Я перемещался из одного бара в другой, втягивая пиво и атмосферу, замеряя душевный настрой разных сборищ. В некоторых местах народ был молодым, шумным и задорным. В иных преобладали пожилые мужчины, с жадностью высматривающие людей до тридцати пяти. Кое-где хватало и того, и другого люда, и именно там я оставался дольше всего. Никто не смог бы счесть меня за странного типа, я вписывался туда словно завсегдатай. Никому не показалось бы, что я слишком молод или слишком стар, чересчур модный или чересчур праведный. Никто не поставил бы Барбару Стрейзанд в проигрывателе-автомате.

Со мной заговорили несколько мужчин. Я болтал, позволял угощать себя напитками, в конце концов прощался с ними, живыми и нетронутыми. Некоторые не нравились мне физически, а притягательность плоти – основной момент.
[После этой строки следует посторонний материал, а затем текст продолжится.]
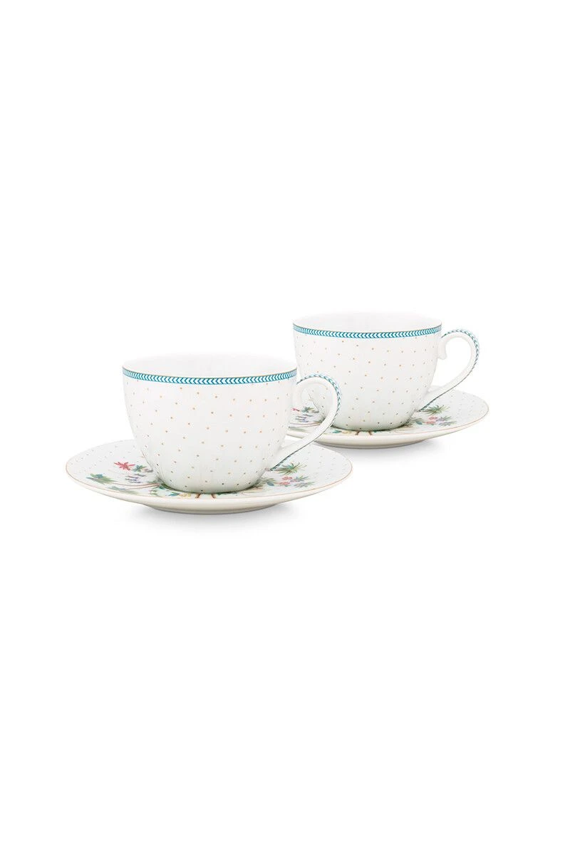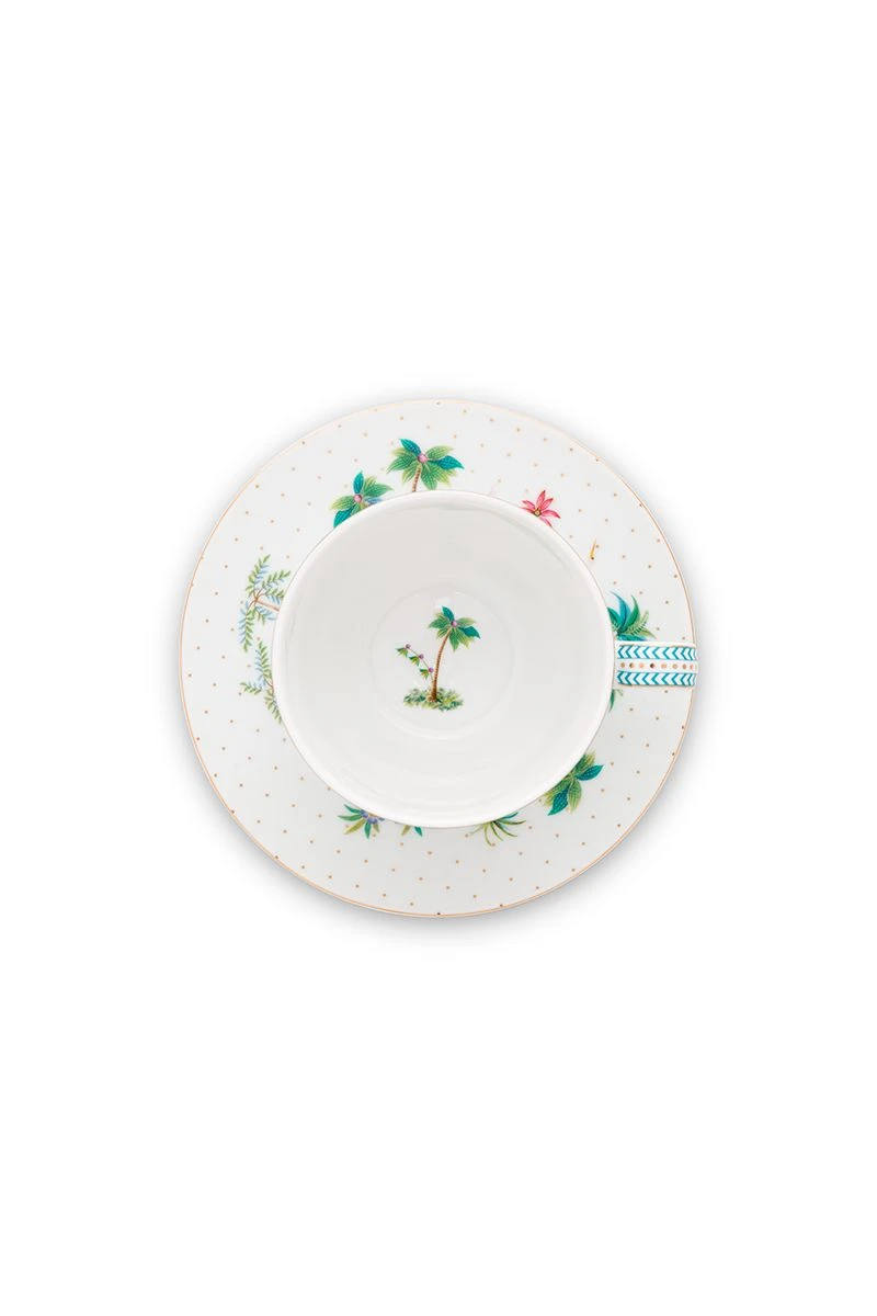 This white cup & saucer set will take you on a trip to a trpoical island with its tropical design. The cups are decorated with an exotic design. The saucers are decorated with golden dots and have blue details.You will find various plants, colorful flowers an species in here. This set has te perfect size for a delicious cup of coffee.

Другие казались чрезмерно умными, трезвыми, слишком хорошо владели собой.

Я всегда искал в знакомых долю неуверенности, не то чтобы очевидную жажду смерти, но нечто вроде апатии к жизни. Последние годы создано много описаний стереотипа убийцы, ряд списков и схем, призванных воссоздать характер закоренелого душегуба. А как насчет типажа идеальной жертвы? Они ведь существуют так же, как и мы, и неумолимо движутся к своей гибели.

Да, конечно, бывают жертвы, которые просто оказались в неподходящем месте в неподходящее время. Но есть и беспризорники, которые бесхитростно бродят по миру, предлагая себя любому.

Я хочу сказать, что идеальные жертвы больше похожи друг на друга, чем те, кто забирает у них жизнь. Опытному убийце необходимо быть яркой личностью, даже если под вспышкой и блеском скрыт лишь непроходимый вакуум. Но даже на пороге смерти жертва более бестелесна, чем субстанция.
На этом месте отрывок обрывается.